Hacker News new | ask | show | jobs
by fiatmoney 3803 days ago
The problem is that a regulation like "be secure" is impractical, because to a close approximation no system is actually, 100% secure - it's just a matter of the effort taken to hack it.

So the regulation ends up being "go through the security process" (take something like PCI compliance as your model). This always ends up being a crappy fit because the guy doing the process can typically only throw out a list of "best practices" that may or may not make any sense for any particular application, and in any event aren't comprehensive enough. It's also wildly expensive, since the process is embedded in a regulatory-certified person who charges N$ / hour.

Empirically the best you can do absent some specific industrial setup is a series of bright-line rules like "don't store passwords in the clear", but that's far from sufficient.

1 comments

What if the regulation largely ignored the technology and instead focused on responsibility: prohibit license terms requiring arbitration or restricting class action cases, setting minimum warranty terms which treat software support as a primary requirement (no selling a washing machine with a 10+ year hardware lifetime but ending software support 6 months after release), and restricting liability disclaimers so a company can't completely shirk responsibility the way everyone does now?

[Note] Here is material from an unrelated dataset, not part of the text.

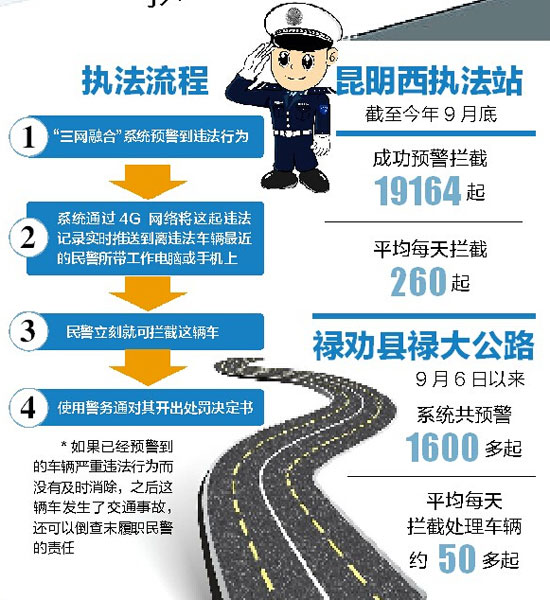 ????云南省前年就已啟用全國(guó)公安交管“六合一”平臺(tái),這個(gè)系統(tǒng)對(duì)機(jī)動(dòng)車(chē)管理系統(tǒng)、駕駛?cè)斯芾硐到y(tǒng)、道路交通違法系統(tǒng)、道路交通事故處理系統(tǒng)、劇毒化學(xué)品運(yùn)輸、交警隊(duì)信息平臺(tái)等六大系統(tǒng)進(jìn)行了整合,使全國(guó)交警車(chē)駕管系統(tǒng)互聯(lián)互通,提高了內(nèi)部工作效率。云南省交警總隊(duì)馬峻嶺總隊(duì)長(zhǎng)認(rèn)為:“云南交警要做到‘三網(wǎng)融合’,向科技要警力,精準(zhǔn)打擊嚴(yán)重交通違法行為,減少交通事故?!?/p>

The one which would make the most sense to me is something like a souped-up CERT: researchers report vulnerabilities to them, staff grades the severity, and a company has increasingly strict penalties if the fix isn't shipped within certain timeframes. Imagine if e.g. Samsung, Lenovo, etc. executives knew that their personal assets would be frozen in the U.S. if they continued not to support all of the millions of vulnerable Android devices?

The main thing I'd hope an approach like this could avoid would be the PCI bureaucracy you mentioned where a company might choose to avoid riskier areas rather than being required to expensively audit a process.

Maybe we could go a bit further and say that a proven security breach (i.e. an unauthorized person actually accesses your device) carries some concrete liability, for example $500 plus a refund of the purchase price?

It's a bit like the laws for junk faxes or illegal telemarketing calls. You don't have to take them to court or prove actual damages, you just press the "statutory damages" button when an actual violation occurs.

I could see some difficulty arising from people who are breached not because of some fault with the product, but because the people made their password "password" or whatever. But maybe this would just encourage manufacturers to make it difficult to set up their devices insecurely.

There might be problems with people knowing that they're breached. To combat this, you might make the $500 (or whatever amount) payable to anybody who accesses such a device in good faith. These "find an insecure web cam pointed at a baby" web sites would go from voyeuristic amusements to money makers.

Just some random ideas....

> Maybe we could go a bit further and say that a proven security breach (i.e. an unauthorized person actually accesses your device) carries some concrete liability, for example $500 plus a refund of the purchase price?

Yeah, that's exactly the kind of thing I was thinking about for market incentives. Right now the immediate cost to a company is zero so the only question is whether it'll cost them future sales. Even a simple refund of the purchase price would be a big shift.

I rather like the bounty idea, too, particularly if we could combine it with some sort of clearing house so e.g. the person who finds an unprotected webcam doesn't have a reason (or excuse) to identify the owner.